YOUR INSTRUCTIONS ▸
Each entry below is to be given again word for word, with no pictures.

AVAILABLE DATA ▸
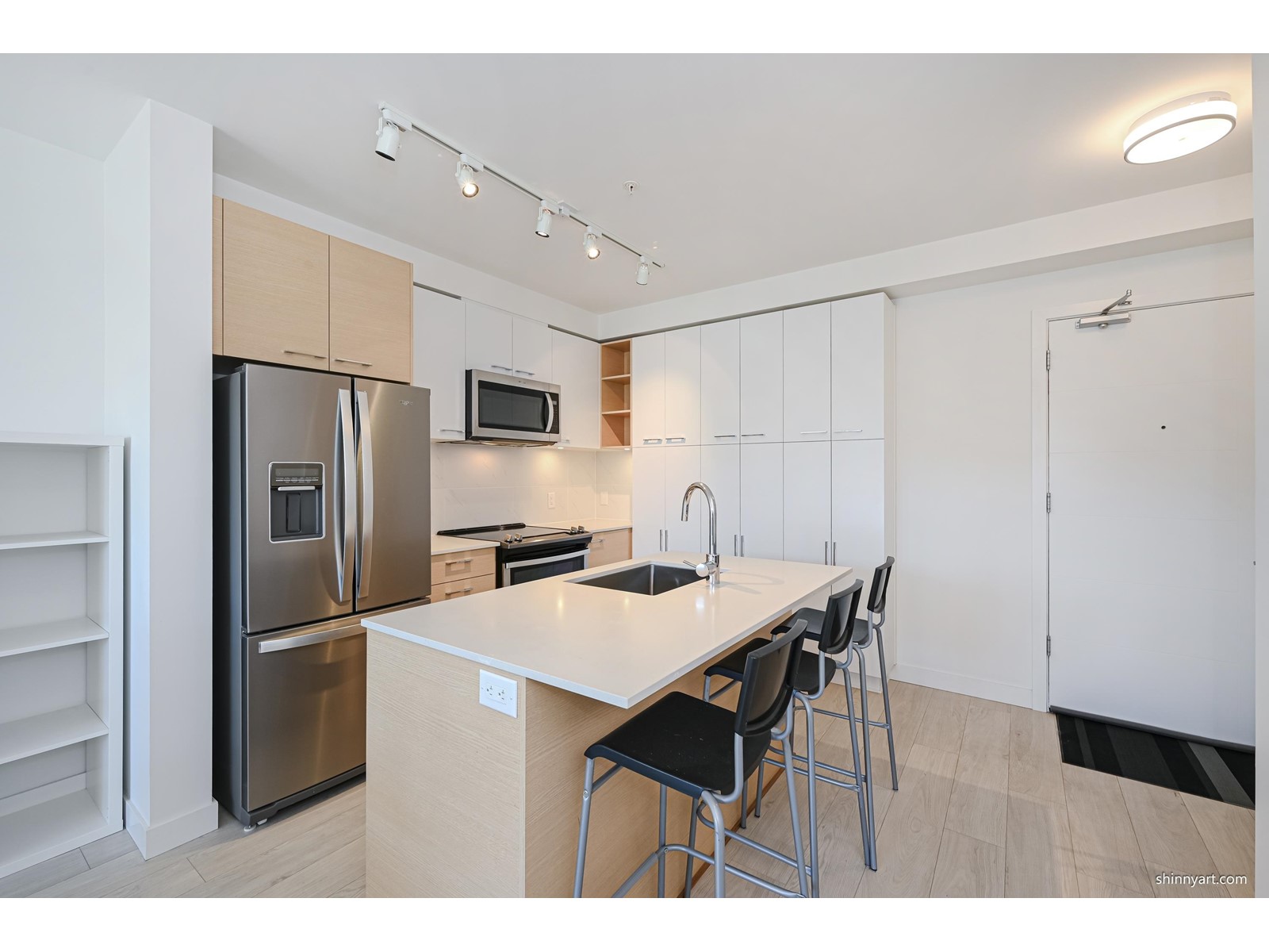 $309.10 MonthlyWelcome to HQ Dwell-developed by Porte, located in the heart of Surrey. Close to Skytrain, SFU Surrey Campus and Central Mall.This one bedroom unit boasts one of the most functional layouts in the building. The spacious unit features good size bedroom and a large walk-in closet. The east-facing unit overlooks a quiet inner courtyard, offering brightness and privacy. Equipped with a built-in home security system installed by the developer. The unit showcases higher ceilings and premium finishes, including wide-plank flooring, quartz countertops and stainless steel appliance. Meticulously maintained by the owner, like original condition. Amenities include a gym, lounge, and an outdoor BBQ area. Adjacent to Forsyth Park, with kids playground and dog park. Open House, July 26, 2-4 pm (id:52823)
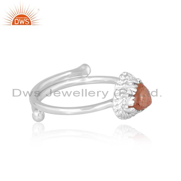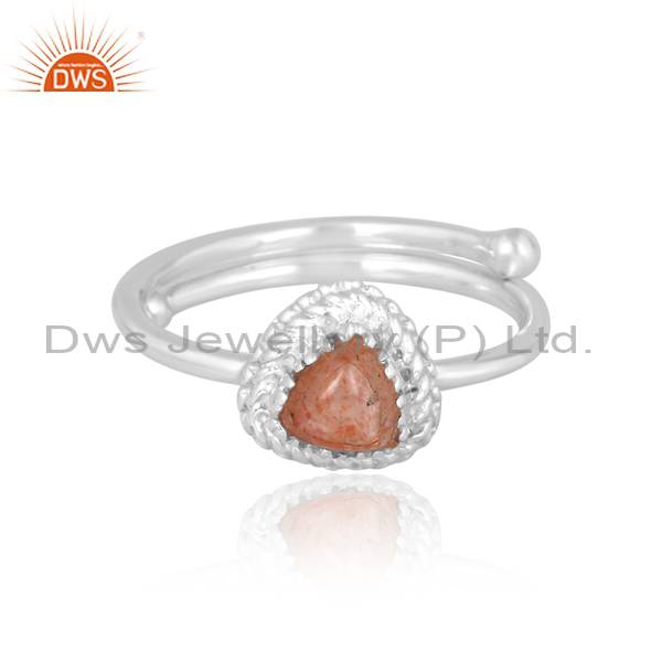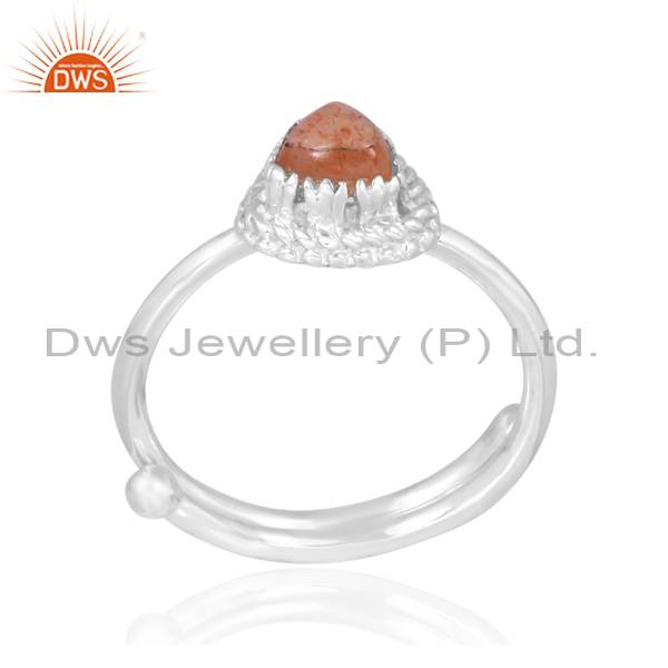 Adjustable Finger Ring With Cabs Trillion Shaped Sunstone
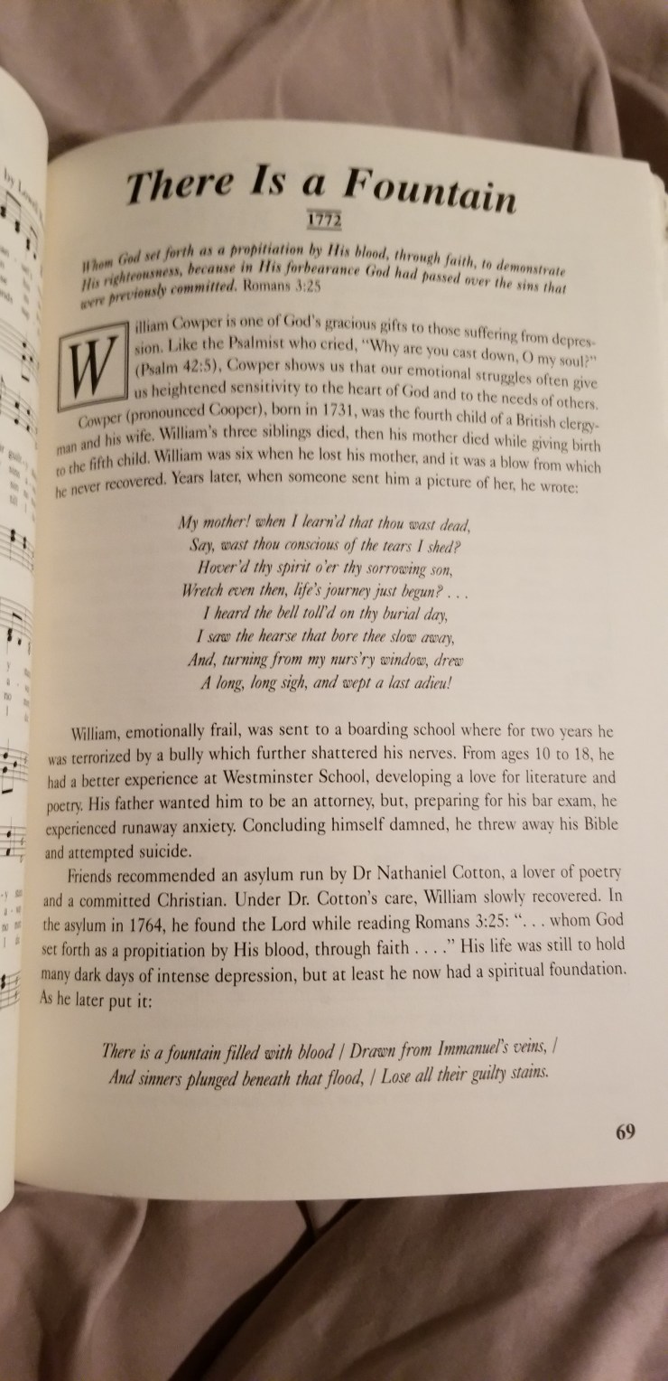 If the godly man William Cowper, who penned “There is a fountain” once examined himself and found himself emotionally frail and overcome with runaway anxiety to the point that he concluded that he was “damned” threw away his Bible and attempted suicide — how vile and wretched yet blessed and highly favored are we all who rest in the Lord and Trudy in His grace.
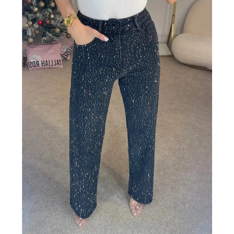 Diese Mom-Jeans vereint lockere Passform mit auffälligen Glitzer-Details. Perfekt, um deinem Outfit eine besondere Note zu geben – ob im Alltag, bei Treffen mit Freunden oder für Abende mit etwas mehr Glamour.
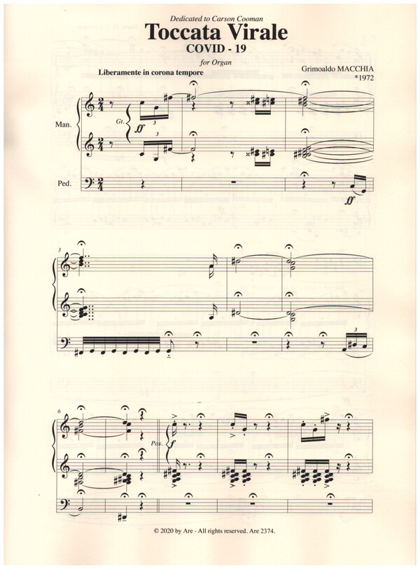 Der aktuellen Situation entsprechend hat der italienische Orgelvirtuose Grimoaldo Macchia eine dramatische Toccata komponiert. Die Toccata ist dem Organisten Carson Cooman gewidmet, der sie auf Youtube eingespielt hat.
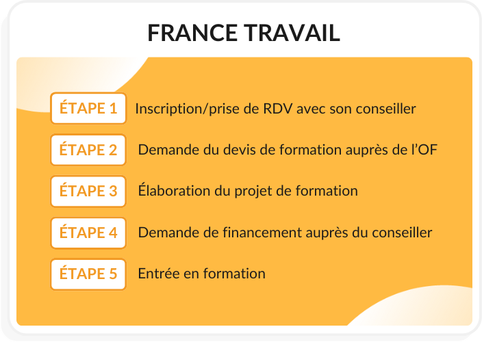 - Étape 4 : Demande de financement auprès du conseiller : votre conseiller France Travail peut abonder certains financements comme le CPF, selon votre profil et l'enveloppe financière disponible.
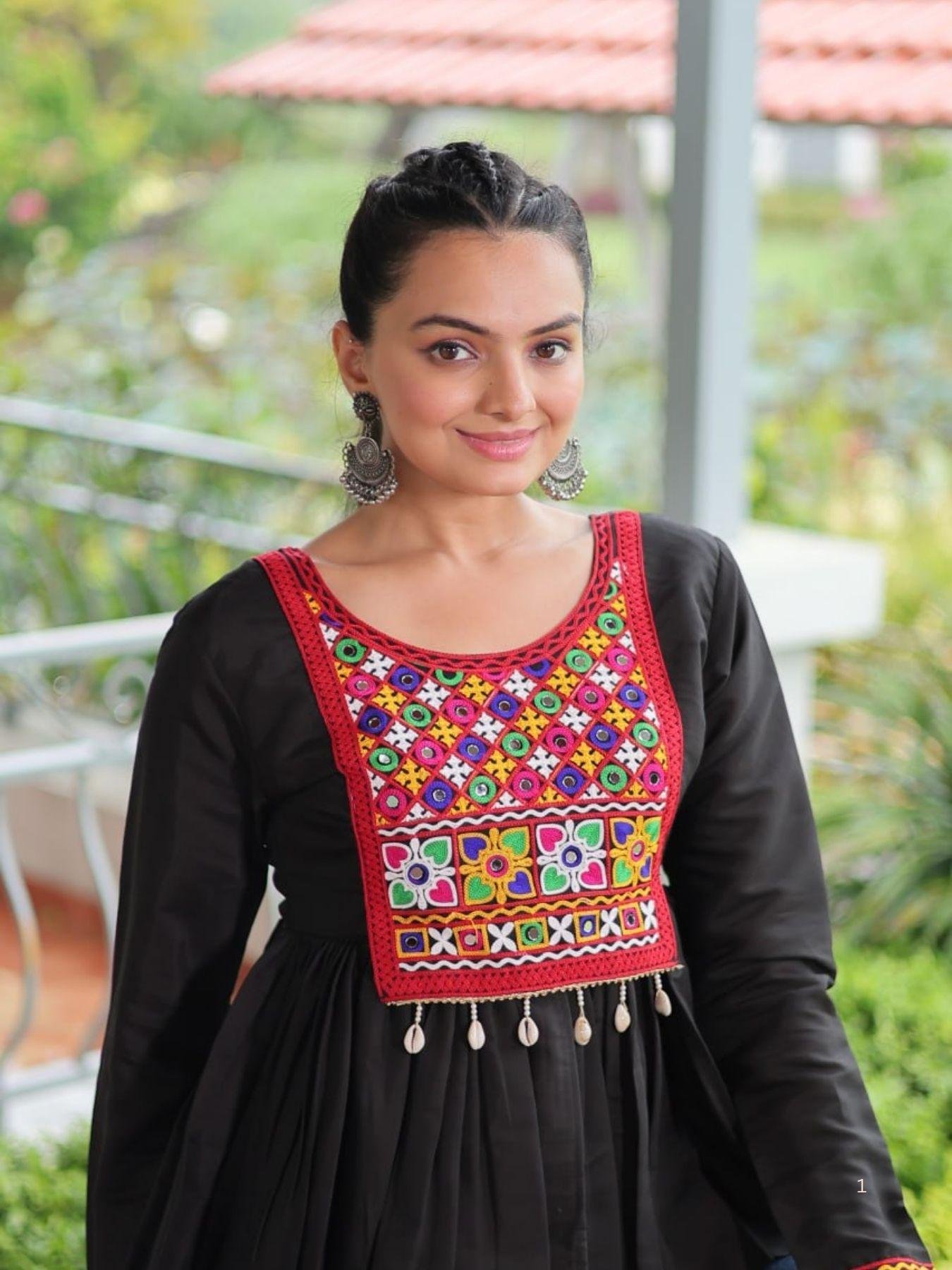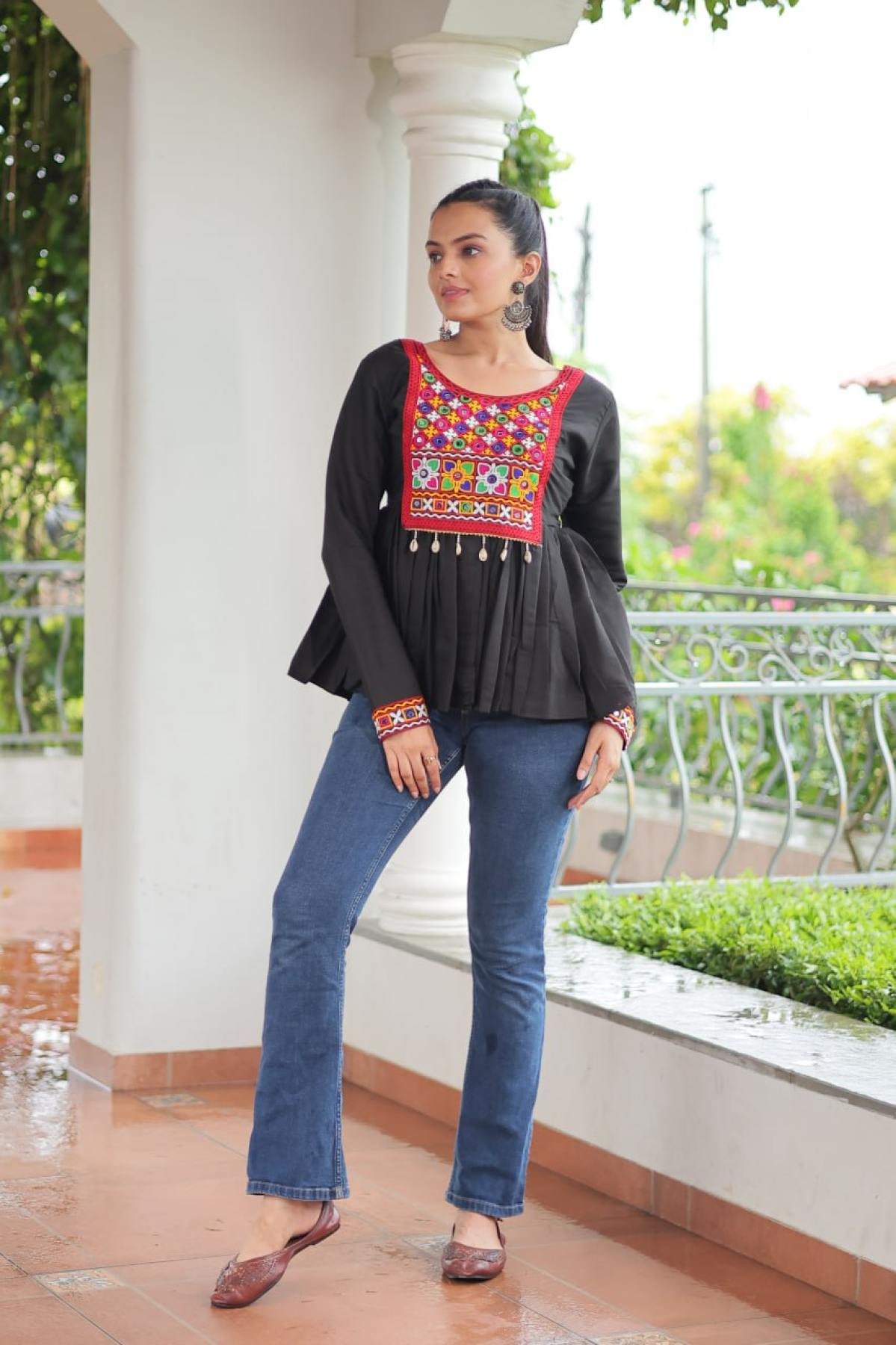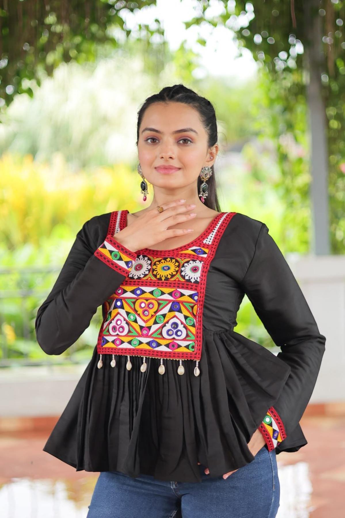 Elevate your festive wardrobe with this Black Kutchi Gamthi Work Peplum Top – perfect for traditional Garba nights and cultural events.
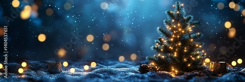 © arifat, Obraz premium Christmas tree in snowy landscape, glowing lights
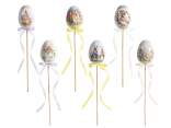 Stick in legno con uova colorate e piume
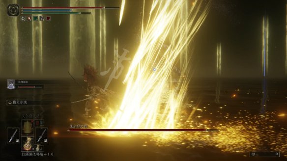 艾爾登之獸是游戲最終Boss(花樣游泳選手),緊跟在拉達岡的戰斗後面,換句話說最後是一場二連Boss戰,對玩家的藥品消耗和節奏轉換是一個考驗。
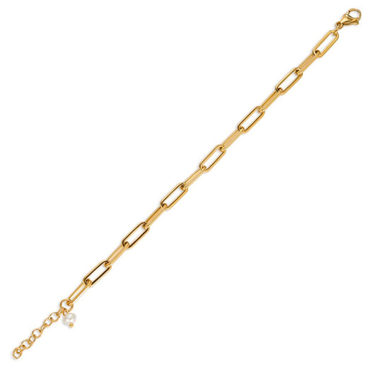Bracciale Acciaio inossidabile giallo rivestimento IP Perla coltivata d'acqua dolce bianco, 4.5 mm 18.5-22 cm
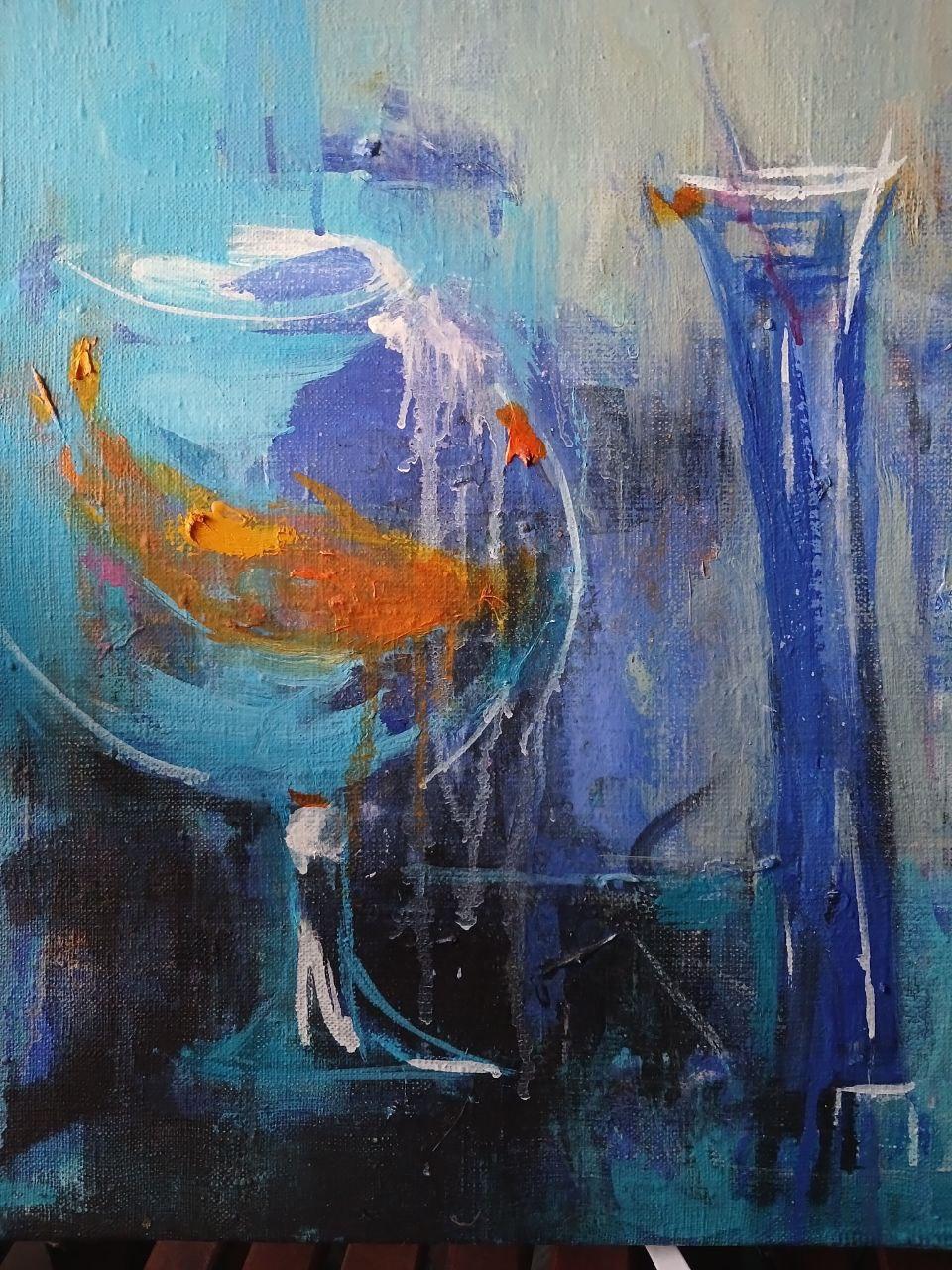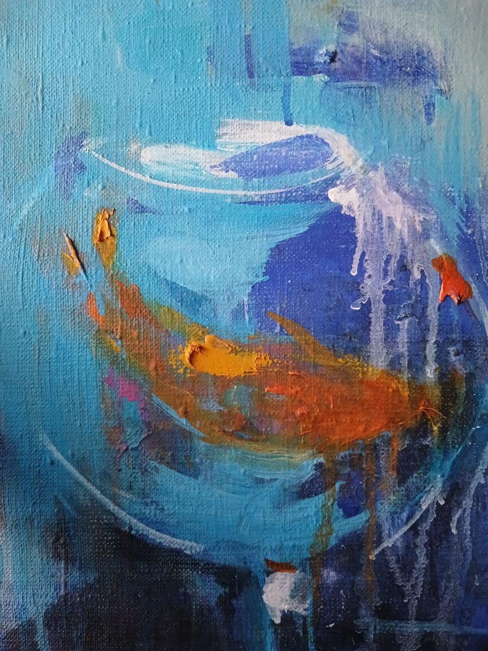 In dieser lebhaften Komposition habe ich Impressionismus und Pop-Art fröhlich miteinander vermischt, indem ich Acryl und Öl verwendet habe, um diese charmanten Katzenfiguren zum Lebe...
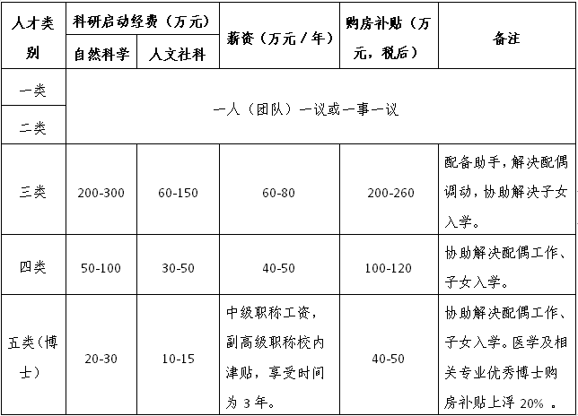 1、對于全職引進的博士及以上高層次人才,按照《皖南醫(yī)學院引進高層次人才實施辦法(修訂)》(校政[2018]191號)(http://rsc.wnmc.edu.cn/63/10/c1981a90896/page.htm)提供購房補貼、安家費、科研啟動經(jīng)費等。標準如下:

ANSWER BELOW ▸
 $309.10 MonthlyWelcome to HQ Dwell-developed by Porte, located in the heart of Surrey. Close to Skytrain, SFU Surrey Campus and Central Mall.This one bedroom unit boasts one of the most functional layouts in the building. The spacious unit features good size bedroom and a large walk-in closet. The east-facing unit overlooks a quiet inner courtyard, offering brightness and privacy. Equipped with a built-in home security system installed by the developer. The unit showcases higher ceilings and premium finishes, including wide-plank flooring, quartz countertops and stainless steel appliance. Meticulously maintained by the owner, like original condition. Amenities include a gym, lounge, and an outdoor BBQ area. Adjacent to Forsyth Park, with kids playground and dog park. Open House, July 26, 2-4 pm (id:52823)
 Adjustable Finger Ring With Cabs Trillion Shaped Sunstone
 If the godly man William Cowper, who penned “There is a fountain” once examined himself and found himself emotionally frail and overcome with runaway anxiety to the point that he concluded that he was “damned” threw away his Bible and attempted suicide — how vile and wretched yet blessed and highly favored are we all who rest in the Lord and Trudy in His grace.
 Diese Mom-Jeans vereint lockere Passform mit auffälligen Glitzer-Details. Perfekt, um deinem Outfit eine besondere Note zu geben – ob im Alltag, bei Treffen mit Freunden oder für Abende mit etwas mehr Glamour.
 Der aktuellen Situation entsprechend hat der italienische Orgelvirtuose Grimoaldo Macchia eine dramatische Toccata komponiert. Die Toccata ist dem Organisten Carson Cooman gewidmet, der sie auf Youtube eingespielt hat.
 - Étape 4 : Demande de financement auprès du conseiller : votre conseiller France Travail peut abonder certains financements comme le CPF, selon votre profil et l'enveloppe financière disponible.
 Elevate your festive wardrobe with this Black Kutchi Gamthi Work Peplum Top – perfect for traditional Garba nights and cultural events.
 © arifat, Obraz premium Christmas tree in snowy landscape, glowing lights
 Stick in legno con uova colorate e piume
 艾爾登之獸是游戲最終Boss(花樣游泳選手),緊跟在拉達岡的戰斗後面,換句話說最後是一場二連Boss戰,對玩家的藥品消耗和節奏轉換是一個考驗。
Bracciale Acciaio inossidabile giallo rivestimento IP Perla coltivata d'acqua dolce bianco, 4.5 mm 18.5-22 cm
 In dieser lebhaften Komposition habe ich Impressionismus und Pop-Art fröhlich miteinander vermischt, indem ich Acryl und Öl verwendet habe, um diese charmanten Katzenfiguren zum Lebe...
 1、對于全職引進的博士及以上高層次人才,按照《皖南醫(yī)學院引進高層次人才實施辦法(修訂)》(校政[2018]191號)(http://rsc.wnmc.edu.cn/63/10/c1981a90896/page.htm)提供購房補貼、安家費、科研啟動經(jīng)費等。標準如下:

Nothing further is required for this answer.